## poopsiedoodle 3 years ago For problems 1–5, simplify the expression. Answers written in decimal form will not be accepted. Each of these problems is worth 1 point. "v/" is a radical by the way ___ 1.v/96 ______ 2. 8 v/63x^5 ___________ 3. v/128x^5y^2 ___ 4. ^3v/32 ________ 5. ^3v/56x^14

1. poopsiedoodle

So, I need them in radical form.

2. freewilly922

Factor everything first and then apply your radical rules... for example $\sqrt[3]{x^3} = x$

3. poopsiedoodle

Problem is that I have no idea what you're saying. ._.

4. freewilly922

Ok for example $\sqrt[8]{256x^4}$ becomes, if you factor $\sqrt[8]{2^{8}x^4}$ which then becomes $2\sqrt[8]{x^4}=2 x^{\frac{4}{8}}=2x^{1/2}=2\sqrt{2}$

5. freewilly922

This uses the idea that $\sqrt[a]{x} = x^{1/a}$

6. poopsiedoodle

just wondering, would you mind using bigger font?

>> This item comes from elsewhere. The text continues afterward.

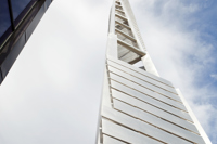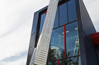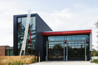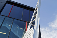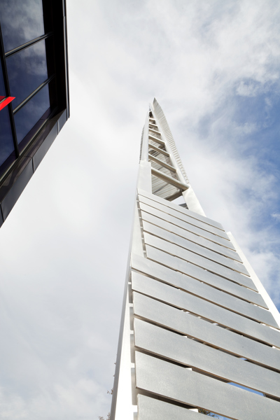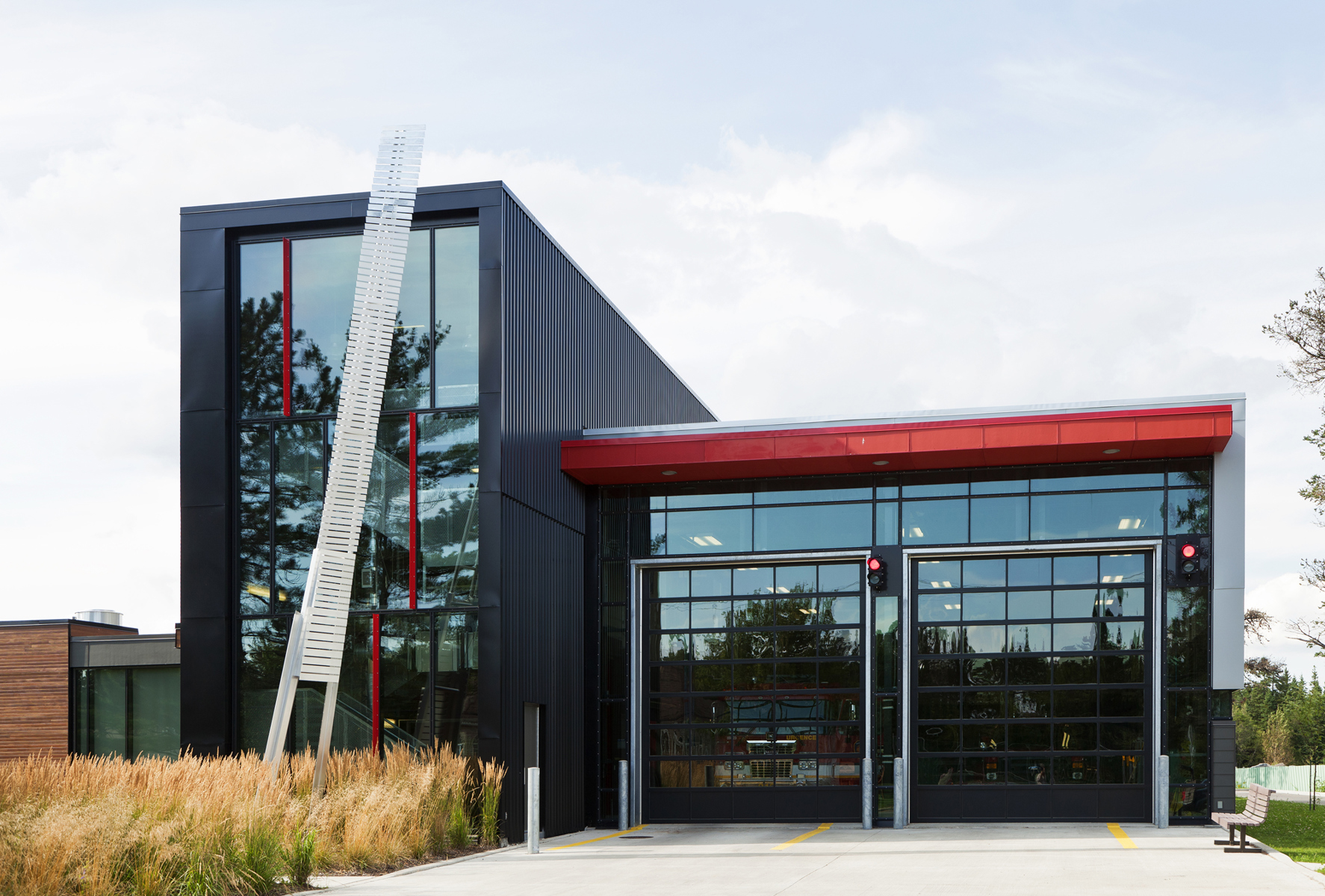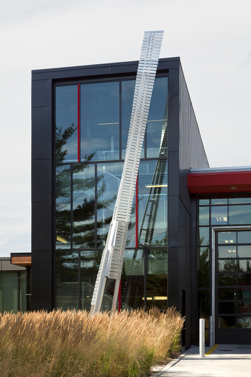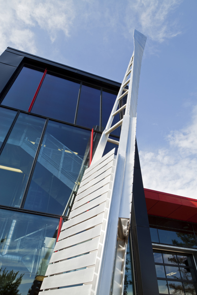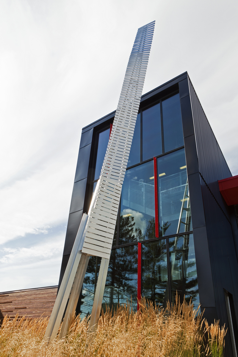 Cette sculpture épurée, composée de plaques d’aluminium soudées, s’intègre parfaitement à l’architecture de la caserne de Val-Bélair. Sa forme élancée, tel un long jet d’eau, la lumière qui joue sur les plaques selon l’heure du jour, le reflet de sa silhouette dans la verrière, tout concourt à créer une impression de dynamisme.

I can't see the exponents. To do that, put what you are saying in the curly braces in $$\huge\text{}\.) but take out the . at the end. 7. poopsiedoodle the ^ means exponents. like, 2^3 is 2 cubed. 8. poopsiedoodle \(\Large\text{But again, I have no idea how to do this.}$$

9. freewilly922

is ^3v/56x^14 supposed to be $\bigg(\sqrt{56x^{14}}\bigg)^3$ then?

10. poopsiedoodle

So, $$\huge\sqrt[8]{256x^4}$$ turns into $$\huge\sqrt[8]{2^{8}x^4}$$ which turns into $$\huge2\sqrt[8]{x^4}=2 x^{\frac{4}{8}}=2x^{1/2}=2\sqrt{2}$$ But how? $$\huge\text{:|}$$

11. freewilly922

Sorry that should be $2\sqrt{x}$

12. poopsiedoodle

and no, it's supposed to be $^{3}\sqrt{56x^{14}}$

13. freewilly922

ok the basic theorems that you need for these type of problems are that $\sqrt[a]{x} = x^{\frac{1}{a}}$ So for example $\large \sqrt[3]{x^{10}}\to x^{\frac{10}{3}}\to x^3x^{\frac{1}{3}}\to x^3\sqrt[3]{x}$

14. poopsiedoodle

I understand the first half of your example equation, but not the second half.

15. freewilly922

So any complicated radical you are given you can convert to exponents, use the rules of exponents shamelessly and then convert back to radical. So $\large \sqrt[3]{56x^{14}}\to \sqrt[3]{(7)(8)x^{14}}\to 7^{1/3}8^{1/3}x^{14/3}$ This then becomes $7^{1/3}8^{1/3}x^{14/3}\to 7^{1/3}(2^3)^{1/3}x^{12/3}x^{2/3}$ becomes $7^{1/3}2x^{4}x^{2/3}\to 2x^4 7^{1/3}x^{1/3}\to 2x^4\sqrt[3]{7x}$

16. poopsiedoodle

my brain is about to explode. e_o

17. freewilly922

So you don't understand how $x^{10/3} \to x^3x^{1/3}$? This results from the fact that $X^aX^b = X^{ab}$ and the reverse. So if you have $x^{10/3}$ you have $x^{9/3 + 1/3}\to x^{9/3}x^{1/3}\to x^3x^{1/3}$

18. poopsiedoodle

again, might I suggest the larger font size? Maybe Large would be a good replacement for huge though.